Interview with Michael Apted, Director of Amazing Grace

Cinematical recently spoke with director Michael Apted, who began his involvement with the series as a young researcher on 7 Up and now keeps the project alive. Although he’s too mannered and too British to admit it, Apted seems to have internalized what many critics have already noted: that 7 Up may be the most important documentary project of all time.

So now that you’re off the hook for another seven years, what’s on your plate for the near future? What do you have coming up?

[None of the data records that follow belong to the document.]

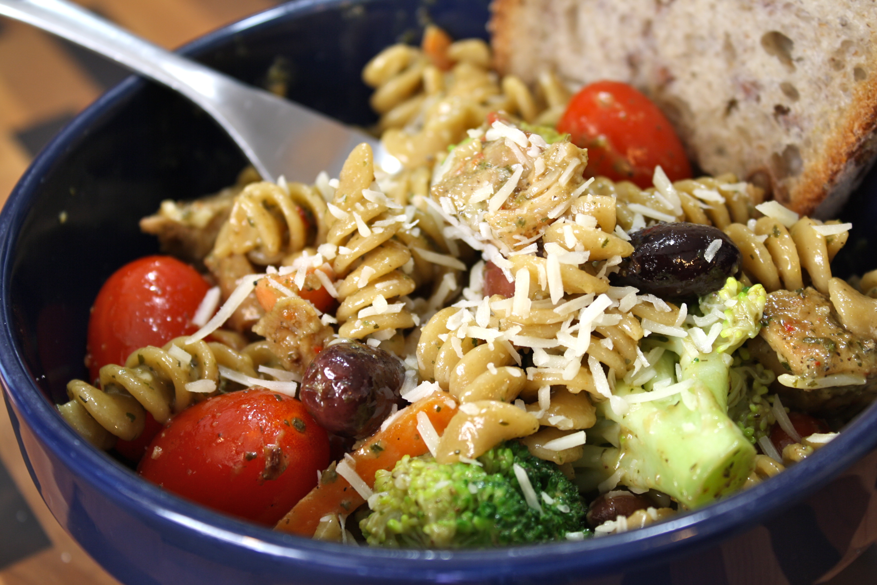 Put a large pot of water to boil. Add salt after boiling. Add one package of your favorite pasta (I like farfalle or rotini) Cook until al dente, drain and return to pot.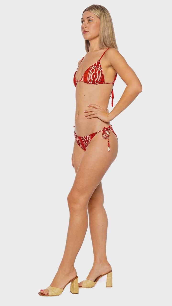 Indulge in the captivating allure of this Tribal Konibo Triangle Bikini Top, skillfully crafted to enhance your beach repertoire. Its bold red and ecru tribal pattern brings a sense of exotic elegance, while the triangle silhouette offers a flattering fit. Designed for sun-soaked days, it features delicate straps that exude a blend of femininity and confidence. Pair it with matching bikini bottoms or sleek sunglasses for an unforgettable seaside look.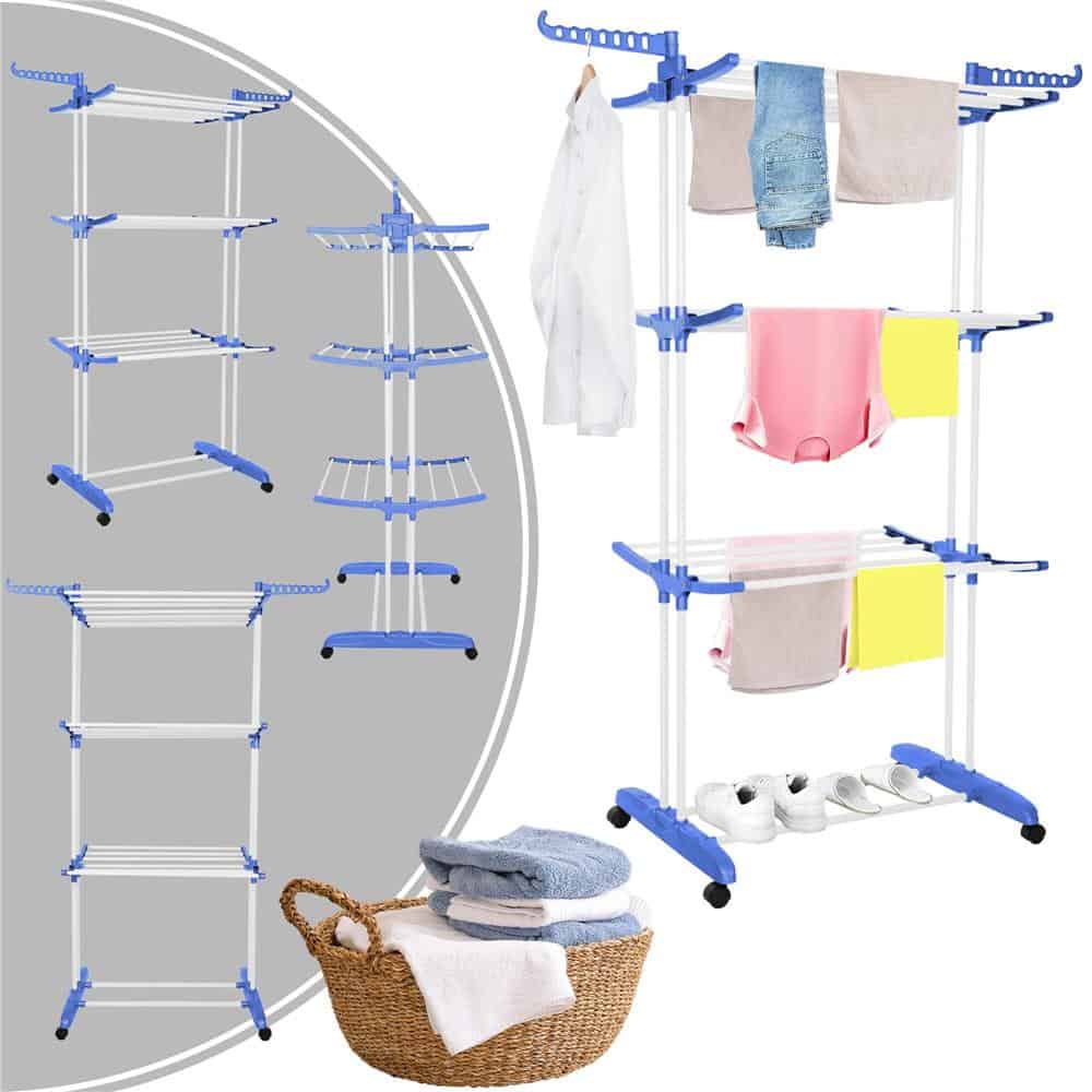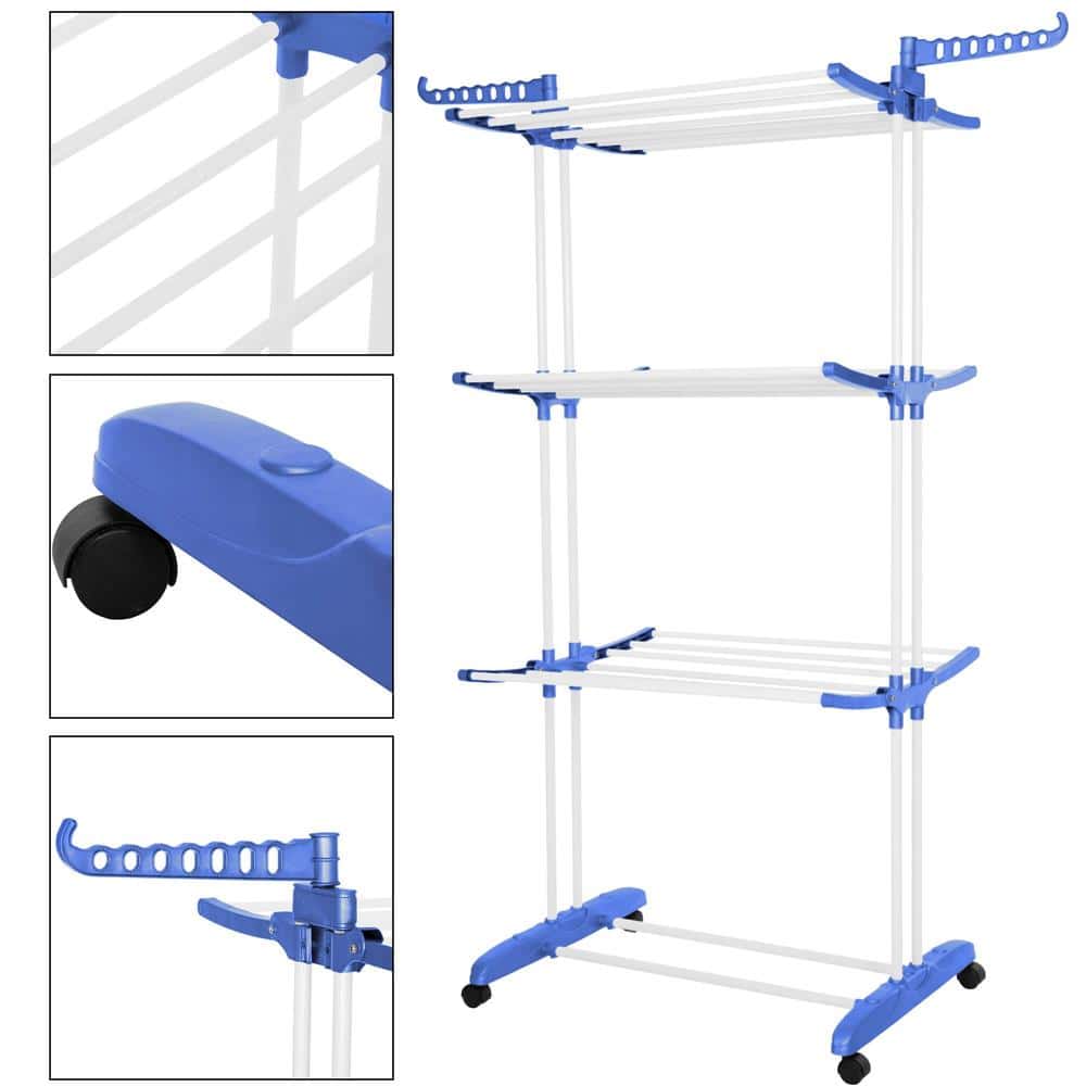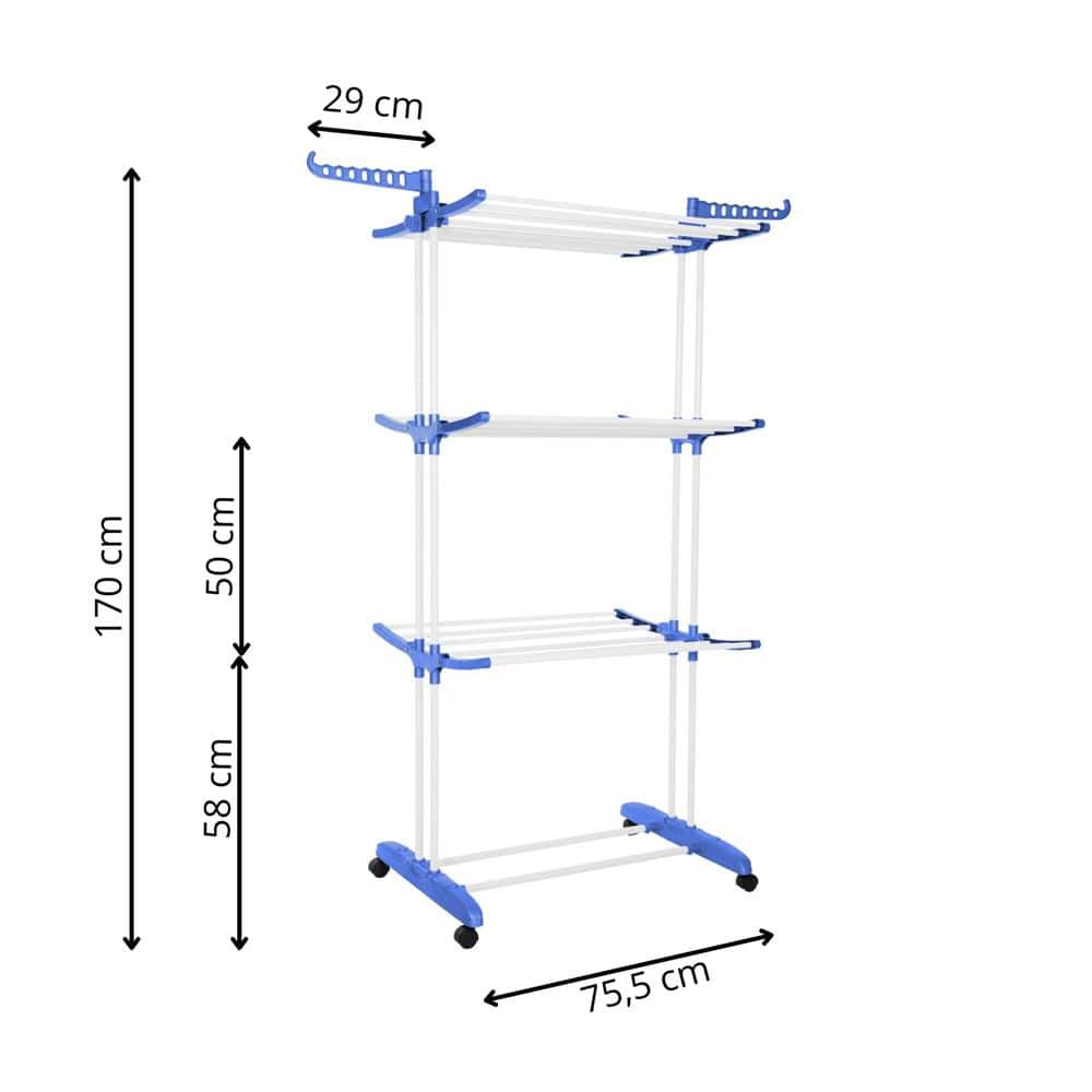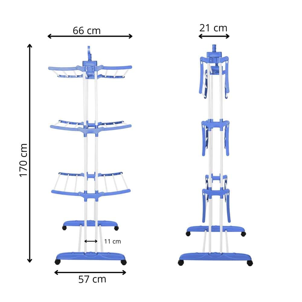 Uscator vertical pentru rufe, mobil si pliabil, cu doua umerase, 75x57x170cm, sarcina 15kg Mob360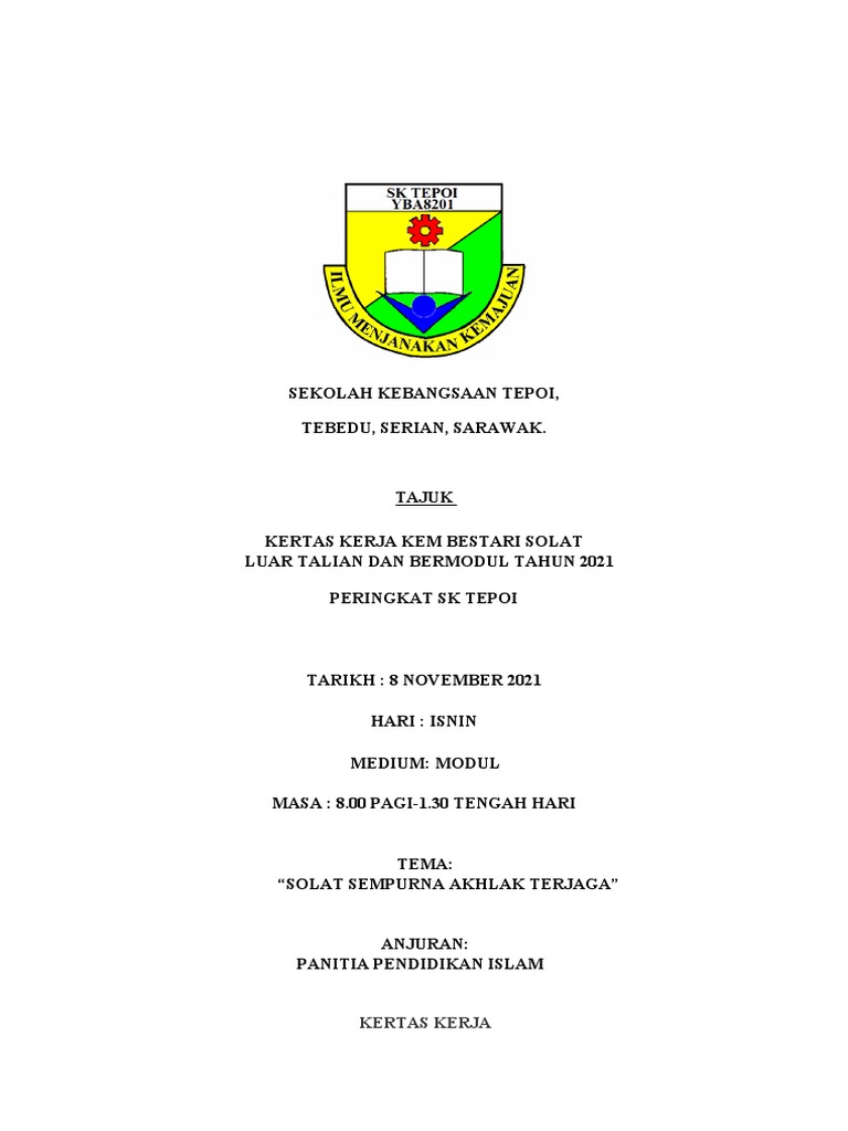 Kertas Kerja Kem Bestari Solat Secara Luar Talian 2021 Pdf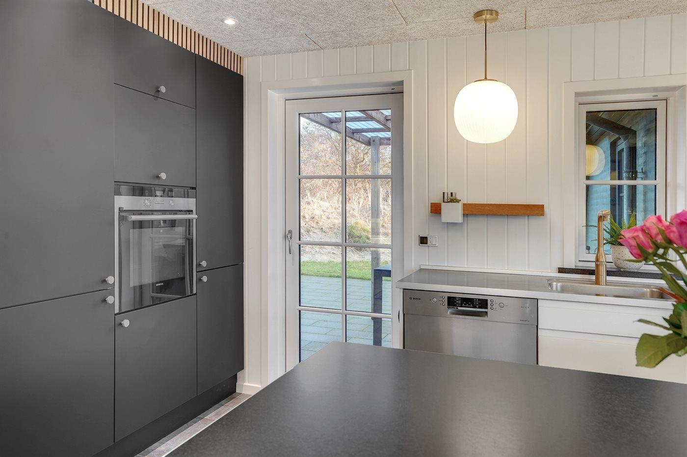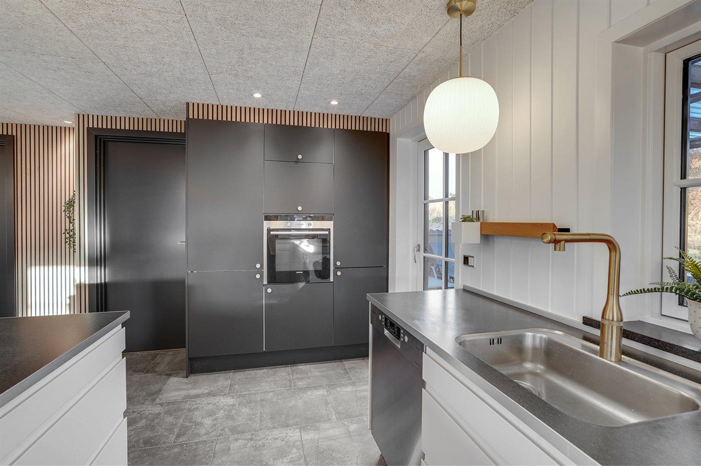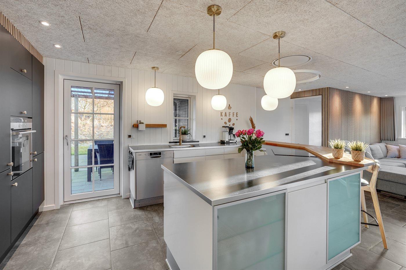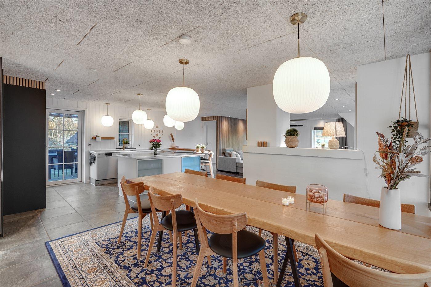 Husets midtpunkt er det åbne køkken, som ligger i forbindelse med en smuk opholdsstue, hvor der er plads til at være sammen med familie og venner.

Michael Apted: I’ve got a movie coming out in February about the anti-slave trade movement. That’s a feature film called Amazing Grace. I just delivered the official DVD of the World Cup. I’ve got another documentary about football that’s nearly done. I’ve just done a TV episode of my wife’s show, What about Brian? Also, I’ve just finished the sequel to Married in America. I don’t know when that’s coming out — I think in February of this coming year.

Very few directors walk that line between documentary films and major studio features like you do. Do you see yourself as more of one than the other?

Michael Apted: I like to spread it evenly, but I would say that I think I have the spirit of a documentarian. Even when I do my movies, I tend to approach them in a documentary way. You know, the whole idea that truth is stranger than fiction, and even when I’ve done something as fantastical as a James Bond, I was interested in seeing what the reality was. Mine was about the Caspian Sea, getting gas out of the Caspian Sea, so I made them all go down there and have a look at it, and we got some pretty startling images out of it.